Subito una Riforma per la gestione ed il rilancio dei beni e del patrimonio storico e della conoscenze. Il riordino della scuola, tra l’altro anche in modo contorto per cui gli effetti nefasti stanno già emergendo, non può essere inglobante di un settore strategico come la Cultura. Che ha bisogno di nuove risorse e strumenti per essere incentivata e promossa. Soprattutto nel Meridione, culla della civiltà occidentale, dove gli investimenti negli ultimi dieci anni sono calati in modo verticale. I siti archeologici sono abbandonati a loro stessi, non si aprono più biblioteche o musei se non per iniziativa dei privati e, anche in questo ambito, è stato creato un gap profondo con le realtà del centro-nord Italia. L’ultimo rapporto Svimez parla chiaro: dal 2000 al 2013 al Sud (Calabria e Puglia in particolare) si è passati da 13,6 Euro a 3,4 Euro di investimento procapite annuo per la Cultura.
Il direttivo nazionale de Il Coraggio di Cambiare l’Italia avanza una proposta al capo del Dicastero dei Beni e delle attività culturali e del turismo, Dario Franceschini, affinché il Governo Renzi vari una nuova Riforma, equa ed organica, del settore Cultura.

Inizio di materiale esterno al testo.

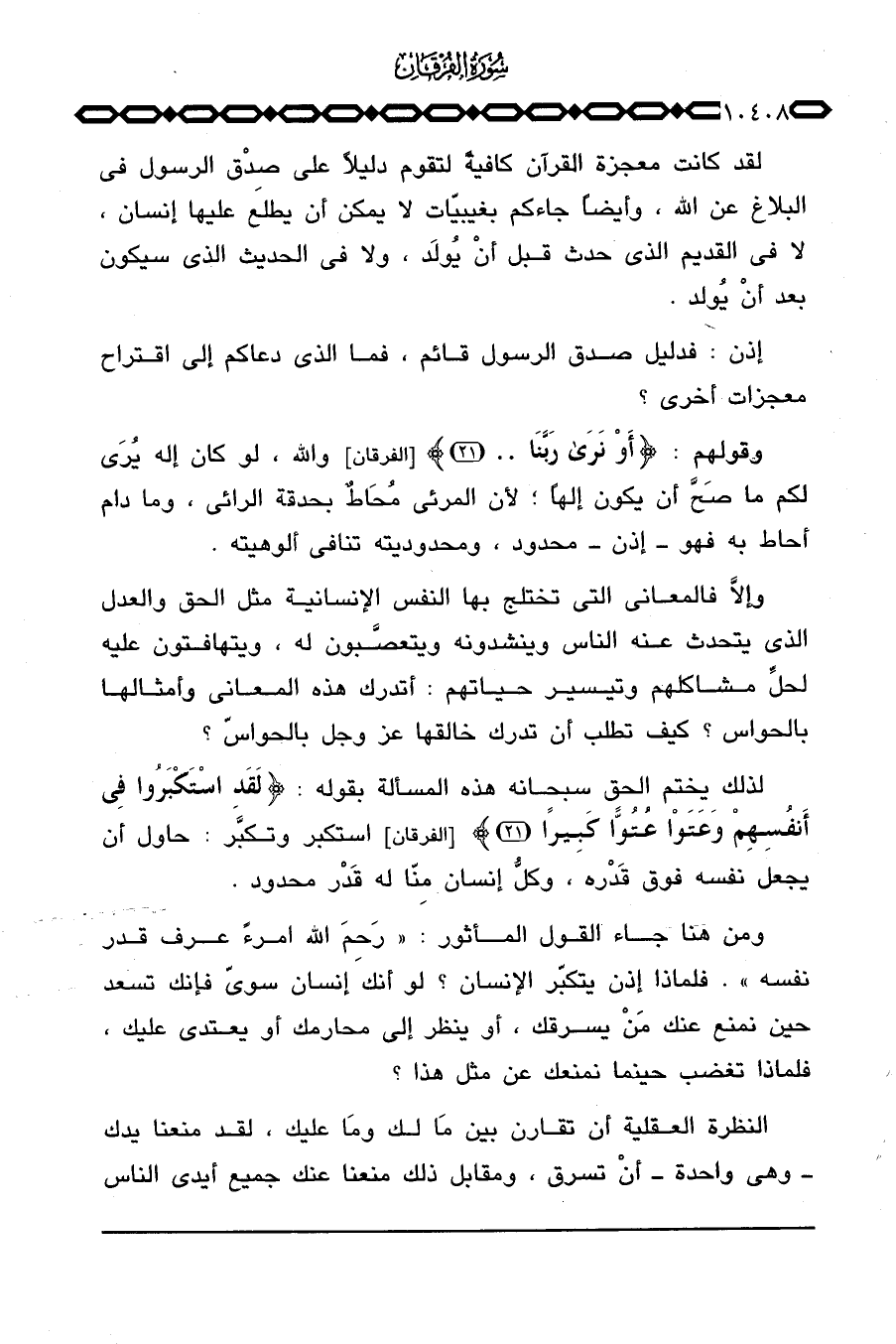 لذلك يختم الحق سبحانه هذه المسألة بقوله: {لَقَدِ استكبروا في أَنفُسِهِمْ وَعَتَوْا عُتُوّاً كَبِيرا} [الفرقان: 21] استكبر وتكبَّر: حاول أن يجعل نفسه فوق قَدْره، وكلُّ إنسان مِنّا له قَدْر محدود.

L’Italia – riferisce il presidente nazionale del movimento, On. Giuseppe Graziano – custodisce circa il 60% del patrimonio culturale mondiale. Basterebbe questo per capire che il Governo non può minimizzare la gestione di questo settore inserendola in quella di altri ambiti che hanno necessità di particolari attenzioni, come la Scuola e l’Università, sia in termini di risorse che di nuove idee. Abbiamo eccellenze universali ed uniche la cui fruizione, da parte di un’utenza globale, è possibile esclusivamente se si ha la capacità di redigere idee nuove. Al contrario di quanto sostiene il Ministro Franceschini – aggiunge l’esponente del CCI – per rilanciare il settore della Cultura non è vero che basta rimodulare le competenze interne alla gestione, come l’equiparazione dei titoli di studio rilasciati dagli istituti dei beni e delle attività culturali al diploma di laurea. È assolutamente riduttivo. Perché, ammesso che ci siano ottimi amministratori del patrimonio artistico-culturale ed eccellenti educatori, mancando risorse, strumenti di conoscenza e investimenti per nuove tecnologie di promozione, ci troveremmo difronte ad un vero e proprio buco nell’acqua.
La risposta a tutto questo? Sicuramente il coraggio, da parte di un Governo lungimirante, di saper coinvolgere investitori privati nella gestione e nel marketing dei beni culturali. Soprattutto per quelli presenti nel Sud Italia, che continuano a sopravvivere a forza di inerzia. C’è un pericolo al Meridione – precisa Graziano – ed è quello di perdere un patrimonio di bellezze ed unicità che potrebbe davvero rappresentare il volando per il rilancio economico per i territori del Sud. Perderlo perché nessuno, Istituzioni in primis, ha il coraggio e forse nemmeno la voglia di investire. Il rapporto Svimez, ancora una volta, traccia la “linea gotica” dello sviluppo con la quale il Governo centrale continua a frenare gli investimenti per il Mezzogiorno: circa il 75% di risorse in meno negli ultimi 10 anni per la Cultura. Se a questo, poi, si aggiunge l’incapacità delle amministrazioni regionali e locali di adottare strategie di riqualificazione e rilancio dei beni culturali, il quadro clinico – conclude Graziano – del nostro patrimonio della memoria è più che drammatico.